Alpha Industries is considering a project with an initial cost of $8.1 million. The project will...

Alpha Industries is considering a project with an initial cost of $8.1 million. The project will produce cash inflows of $1.46 million per year for 9 years. The project has the same risk as the firm. the firm has a pretax cost of debt of 5.64% and a cost of equity of 11.29%. The debt-equity ratio is .61 and the tax rate is 39 percent.
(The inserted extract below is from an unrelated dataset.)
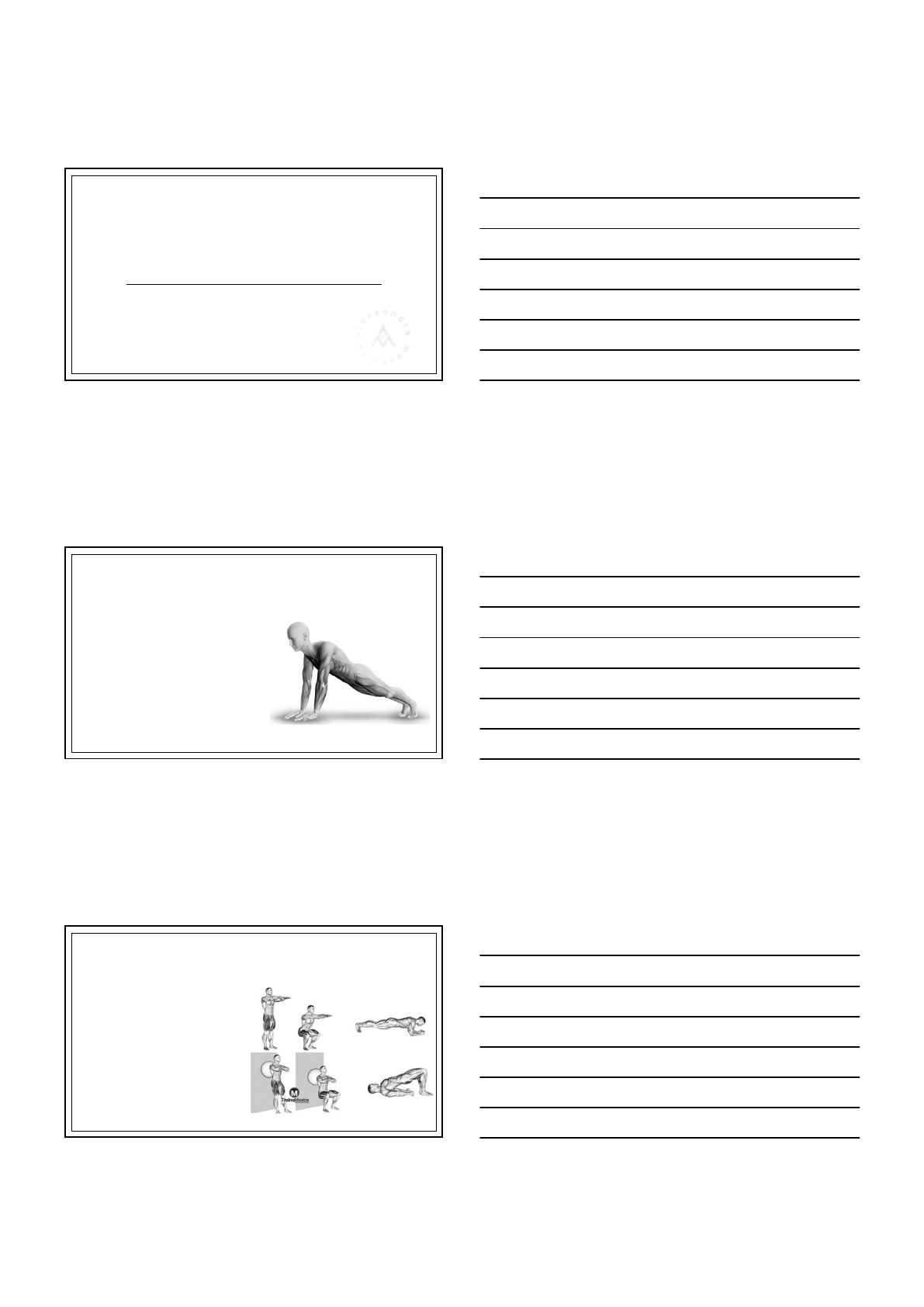 06/04/2024 CINESIOTERAPIA Exercícios Isométricos EXERCÍCIOS RESISTIDOS ISOMÉTRICOS • É uma forma de exercício em que um músculo se contrai e produz força sem uma mudança no seu comprimento. • Há contração muscular estática e sem movimento articular visível. FONTE DE RESISTÊNCIA • Sustentação contra força aplicada manualmente; • Sustentação de um peso em determinada posição; • Manutenção de uma posição contra a resistência do peso corporal; • Empurrar ou puxar um objeto imóvel. 06/04/2024 EFEITOS DO EXERCÍCIO ISOMÉTRICO 1. Os músculos posturais do tronco e dos membros inferiores precisam contrair-se isometricamente para manter o corpo ereto contra a gravidade. 2. Estabilidade das articulações durante os movimentos. 3. Melhora da força estática muscular; 4. Melhora do controle muscular sustentado = resistência à fadiga; 5. Evitam atrofias; 6. Melhora a circulação local e sistêmica, reduzindo o edema; 7. Estímulo dos mecanorreceptores de tecidos vizinhos. INDICAÇÕES DO EXERCÍCIO ISOMÉTRICO • Prevenir e minimizar a atrofia muscular quando o movimento articular não é possível devido à imobilização externa (gesso, órteses, trações esqueléticas); • Ativar músculos e reestabelecer o controle neuromuscular; • Desenvolver estabilidade articular e postural; • Melhorar a força muscular em pontos particulares daADM; INDICAÇÕES DO EXERCÍCIO ISOMÉTRICO 06/04/2024 TIPOS DE EXERCÍCIOS ISOMÉTRICOS • diversas formas de exercícios isométricos com graus variáveis de resistência e intensidade de contração muscular, durante diferentes fases da reabilitação para servir a diferentes propósitos. • Classificação: exercícios de estabilização e exercícios isométrico em múltiplos ângulos. EXERCÍCIOS DE ESTABILIZAÇÃO • utilizados para desenvolver co- contração de modo a reduzir a instabilidade e favorecer a estabilidade articular ou postural por meio de contrações isométricas • resistência é oferecida através do peso corporal ou resistência manual. CONSIDERAÇÕES SOBRE EXERCÍCIOS ISOMÉTRICOS O uso dos exercícios isométricos depende de: 1. Intensidade da contração muscular 2. Duração da ativação muscular 3. Contrações repetitivas 4. Ângulo articular e especificidade do modo 06/04/2024 CONSIDERAÇÕES SOBRE EXERCÍCIOS ISOMÉTRICOS 1. Intensidade da contração muscular • A quantidade de resistência varia e tem de ser ajustada em pontos diferentes da amplitude. • A resistência precisa ser gradualmente aumentada para continuar a sobrecarregar o músculo à medida que ele se torna mais forte. CONSIDERAÇÕES SOBRE EXERCÍCIOS ISOMÉTRICOS 2. Duração da ativação muscular • Para produzir mudanças adaptativas no desempenho muscular estático, a contração isométrica deve ser mantida por 6 a 10 segundos. • Para uma contração de 10s: 2s tempo de subida 6s tempo de sustentação 2s tempo de descida CONSIDERAÇÕES SOBRE EXERCÍCIOS ISOMÉTRICOS 3. Contrações repetitivas Contrações repetitivas mantidas por 6 a 10 segundos cada uma, diminui as cãibras musculares e aumenta a efetividade do regime isométrico. 06/04/2024 CONSIDERAÇÕES SOBRE EXERCÍCIOS ISOMÉTRICOS 4. Ângulo articular e especificidade do modo • Os ganhos na força muscular ocorrem somente no ângulo de treinamento. • O extravasamento fisiológico é mínimo, ocorrendo não mais que 10° em cada direção naADM. • Geralmente, aplica-se resistência em quatro a seis pontos daADM. LIMITAÇÕES DE EXERCÍCIOS ISOMÉTRICOS • A melhora da força só ocorre no ângulo de treinamento ou logo adjacentes a ele. • Aumenta a força estática, mas não tem pouco ou nenhum impacto na força dinâmica. • Precaução: para evitar lesões ao músculo, soltar a resistência aos poucos, pois minimiza o risco de movimento articular descontrolado. LEITURA ESPECÍFICA 06/04/2024 Problem-Based Learning (PBL) sobre Exercícios Isométricos em Fisioterapia Como alunos de Fisioterapia, é crucial que compreendam não apenas os princípios básicos da cinesioterapia, mas também se aprofundem em técnicas específicas, como os exercícios isométricos. Esses exercícios, que envolvem a contração muscular sem movimento articular, têm aplicações terapêuticas significativas em diversas condições musculoesqueléticas. Neste PBL, iremos explorar a teoria por trás dos exercícios isométricos, suas aplicações clínicas e como podem ser integrados em planos de tratamento fisioterapêutico. Estudo de Caso Clínico: Título: Reabilitação Pós-lesão do Ligamento Cruzado Anterior Utilizando Exercícios Isométricos Histórico do Paciente: João, um jovem atleta de 25 anos, apresentou-se à clínica de fisioterapia após sofrer uma lesão no ligamento cruzado anterior (LCA) durante uma partida de futebol. Ele foi submetido a uma reconstrução do LCA há dois meses e agora está buscando reabilitação para recuperar a força e a estabilidade do joelho afetado. Apresentação Clínica: Ao exame físico, João apresenta atrofia muscular significativa no quadríceps e uma gama limitada de movimento no joelho. Ele relata dor leve a moderada ao realizar atividades diárias e teme não poder retornar às suas atividades esportivas anteriores. Objetivos de Tratamento: 1.Restaurar a força e a estabilidade do joelho afetado. 2.Melhorar a amplitude de movimento e flexibilidade. 3.Reduzir a dor e prevenir a recorrência de lesões. 4.Facilitar o retorno seguro às atividades esportivas. Plano de Tratamento: Considerando o estado atual do paciente e os princípios de reabilitação pós-operatória do LCA, um plano de tratamento abrangente é desenvolvido, com foco na inclusão de exercícios isométricos como componente central. O plano inclui: 1.Fase Inicial (Semana 1-4): 1. Controle da dor e redução do inchaço com modalidades de terapia física, como crioterapia e estimulação elétrica. 2. Iniciar exercícios isométrico

A. Should the Firm accept the project?

B.Calculate the Firms WACC

Solutions

Expert Solution

Cost of debt after-tax=5.64*(1-tax rate)

=5.64*(1-0.39)

=3.4404%

Debt-equity ratio=debt/equity

Hence debt=0.61*equity

Let equity be $x

Debt=$0.61x

Total=$1.61x

WACC=Respective cost*Respective weight

=(x/1.61x*11.29)+(0.61x/1.61x*3.4404)

=8.32%(Approx)

Present value of inflows=cash inflow*Present value of discounting factor(rate%,time period)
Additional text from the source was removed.